= Identicon =

Automatically generated avatar

An arbitrary Identicon

An Identicon is a visual representation of a hash value, usually of an IP address, that serves to identify a user of a computer system as an effectively random form of avatar while protecting the user's privacy. The original Identicon was a 9-block graphic, and the representation has been extended to other graphic forms by third parties.

== Invention ==

Don Park came up with the Identicon idea on January 18, 2007. In his words:

I originally came up with this idea to be used as an easy means of visually distinguishing multiple units of information, anything that can be reduced to bits. It's not just IPs but also people, places, and things. IMHO, too much of the web what we read are textual or numeric information which are not easy to distinguish at a glance when they are jumbled up together.

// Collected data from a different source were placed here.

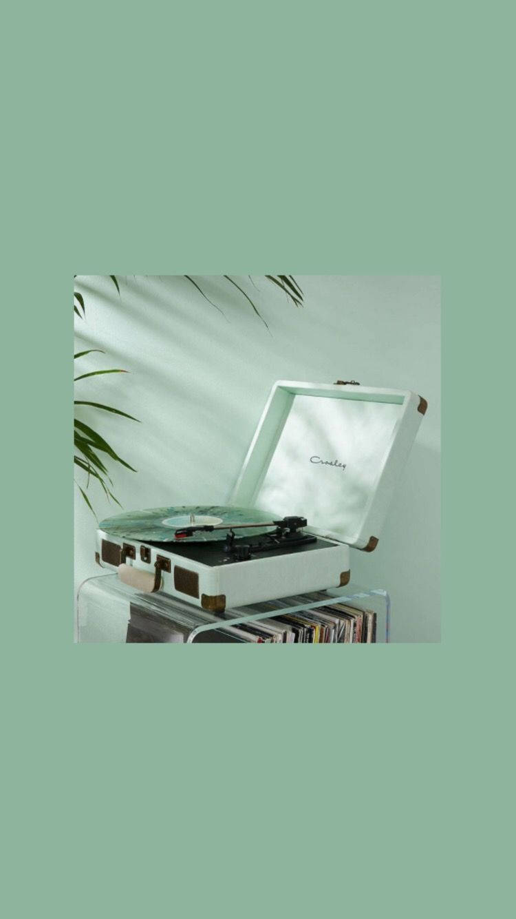 A White Record Player With A Plant On Top Wallpaper
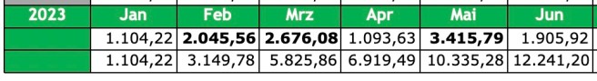 Ein Zwischenstand für die 6 Monate und Juni folgen noch 2 Wochen…
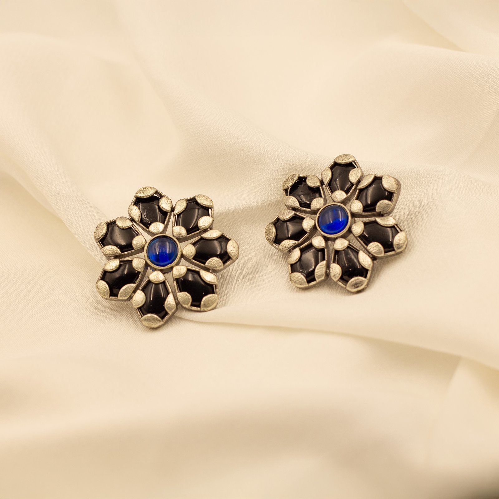 Floral stud earrings with black petal detailing and a vibrant blue center—perfect for adding a bold, elegant touch.
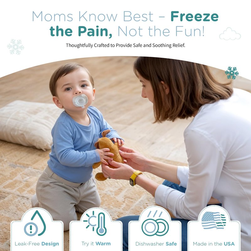 - Proudly Made in the USA: Our Orthodontic Teether Pacifier is crafted with care in the USA, combining innovative cooling technology with a sturdy, safe design. These teething toys 3-6 months give parents a trustworthy solution for relieving teething discomfort, delivering top-notch quality and reliability.
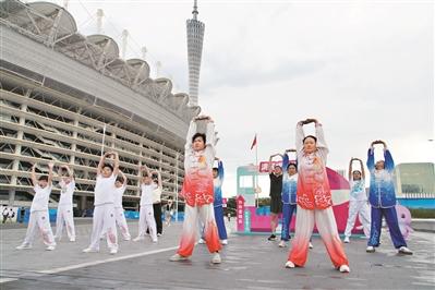 活动现场,青春洋溢的啦啦操《一起来,更精彩》率先点燃全场,青年志愿者们整齐划一、充满激情的表演,瞬间将喜迎全运的氛围推向高潮。广东省街舞协会的少年们带来了动感十足的街舞《舞动一夏》。广州中医药大学第一附属医院的志愿者们则引领市民沉浸式体验传统养生文化,不仅现场展示了国家级非物质文化遗产——八段锦的完整套路,更邀请台下市民一起互动学习,在推广科学健身理念的同时,积极倡导健康生活方式,为迎接全运盛会营造了浓厚的全民健身风尚。
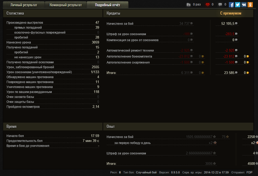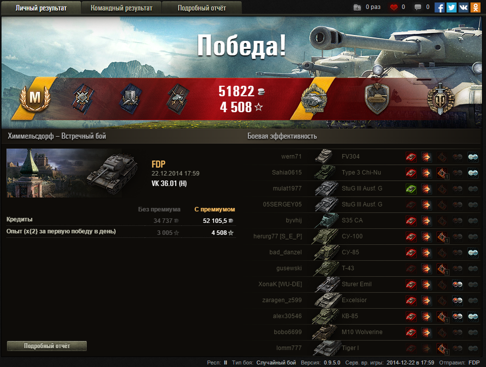 Изначально когда пришел в игру была мечта ис3 купить). В последние 2 недели вообще не идет, 65-80% поражений -2% побед уже сделал. Боеукладка каждый бой крит! Раньше думал что тигр 1 в этом лидер, но теперь его опередил ис3, на тигре все же заметно реже критикуют теперь. А так, танк вроде хорош, уж очень рикошетный он, приятно. В умелых руках крут, но в средне-статистических раковых, в последнее время видимо загибается совсем, с чем связано непонятно. И меня он достал, и сегодня я его продал)) Может в ХД ему вернут былую славу, посмотрим.
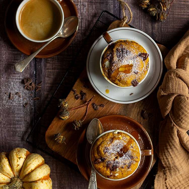 - Mit Staubzucker und Pumpkin Spice Sirup garnieren und servieren.
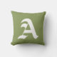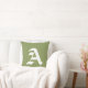 Wit Initiaal Monogram op olijfgroen minimalistisch Kussen
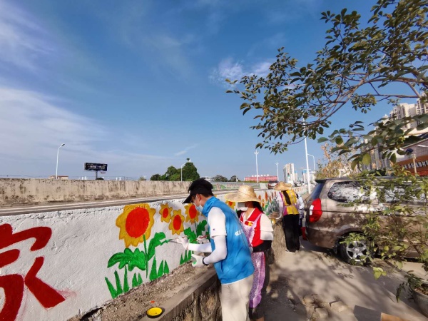 30日下午,在群眾社區(qū)工作人員的帶領(lǐng)下,群眾小學(xué)的教師黨員及教師志愿者們前往港口高速出口橋頭,通過繪畫的方式為它提升“顏值”。老師們在繪畫的過程中認(rèn)真嚴(yán)謹(jǐn),一絲不茍,即使他們的額頭上布滿了汗水,手上也沾上了許多染料,但他們既不怕苦、也不怕累,力求細(xì)心地勾勒出每一根線條,涂好每一塊顏色。
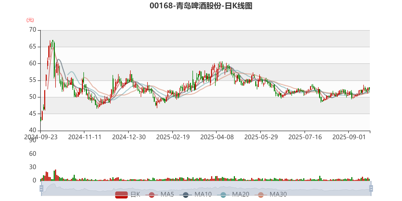 以9月22日收盘价计算,青岛啤酒股份目前市盈率(TTM)约14.13倍,市净率(TTM)约2.17倍,市销率(TTM)约2倍。

So I think adding visual identifiers will make the user experience much more enjoyable.

A similar method had previously been described by Adrian Perrig and Dawn Song in their 1999 publication on hash visualization, which had already seen wide use such as in the random art of SSH keys.

== Applications ==

- GitHub and Roll20 both use identicons to visually differentiate users who have not set their own avatar.
- Wikis and blogs may generate identicons to visually identify authors based on IP addresses. This provides some protection against impersonation without requiring authentication.
- Third-party software is available to generate identicons for the purposes of identifying eBay sellers.
- The original Identicon idea has been expanded to include a couple of new, simple yet very effective, anti-phishing protection schemes. One of them requires client-side support; Park is interested in talking to browser vendors regarding its incorporation. He calls this expansion "Gemini."